Would you copy exactly the lines in the data below from the one that has "Loaded with ham, turkey, and" through the one that has "home & family", dropping any pictures?

### Data shown
____________

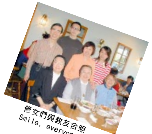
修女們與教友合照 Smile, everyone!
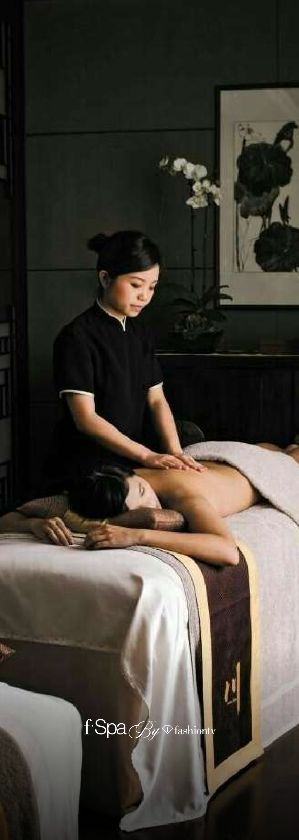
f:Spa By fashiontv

____________

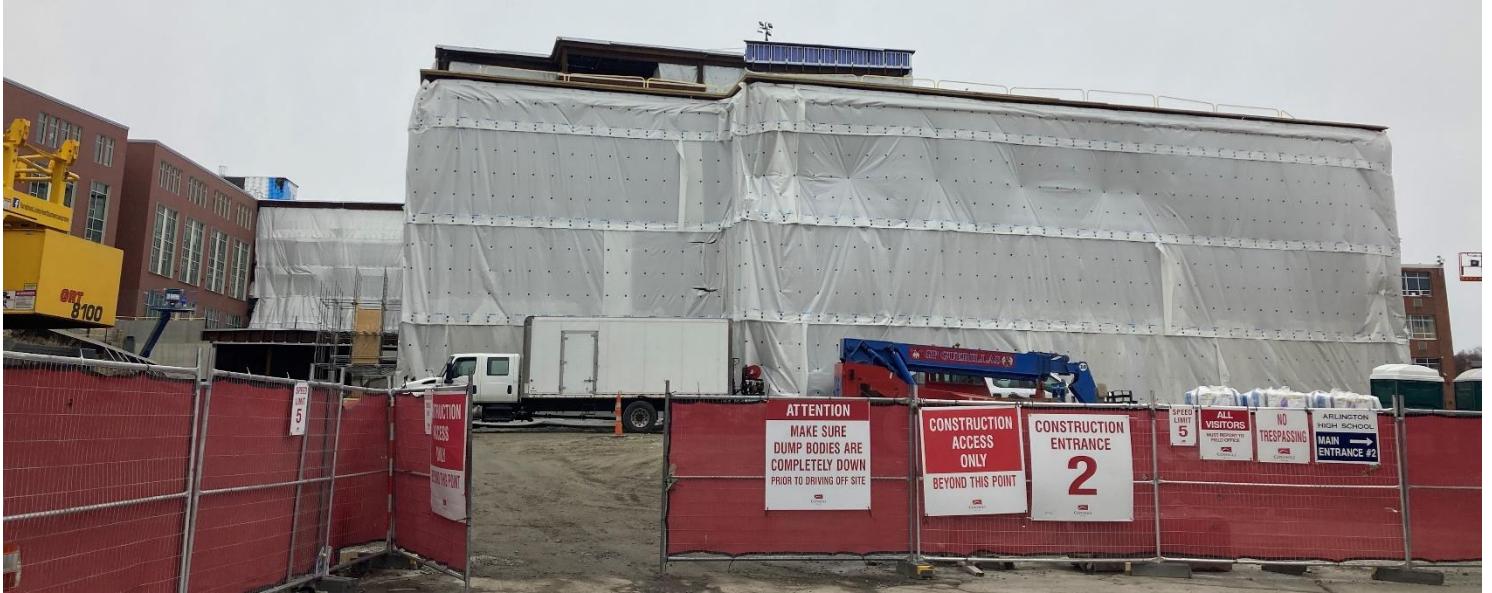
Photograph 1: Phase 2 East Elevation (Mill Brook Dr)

____________

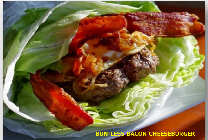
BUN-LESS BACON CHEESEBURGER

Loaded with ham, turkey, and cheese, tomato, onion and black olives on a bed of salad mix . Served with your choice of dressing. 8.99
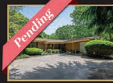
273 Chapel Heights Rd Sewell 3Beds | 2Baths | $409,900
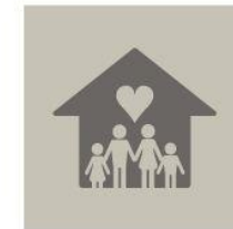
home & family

____________

### Written answer
Loaded with ham, turkey, and cheese, tomato, onion and black olives on a bed of salad mix . Served with your choice of dressing. 8.99
273 Chapel Heights Rd Sewell 3Beds | 2Baths | $409,900
home & family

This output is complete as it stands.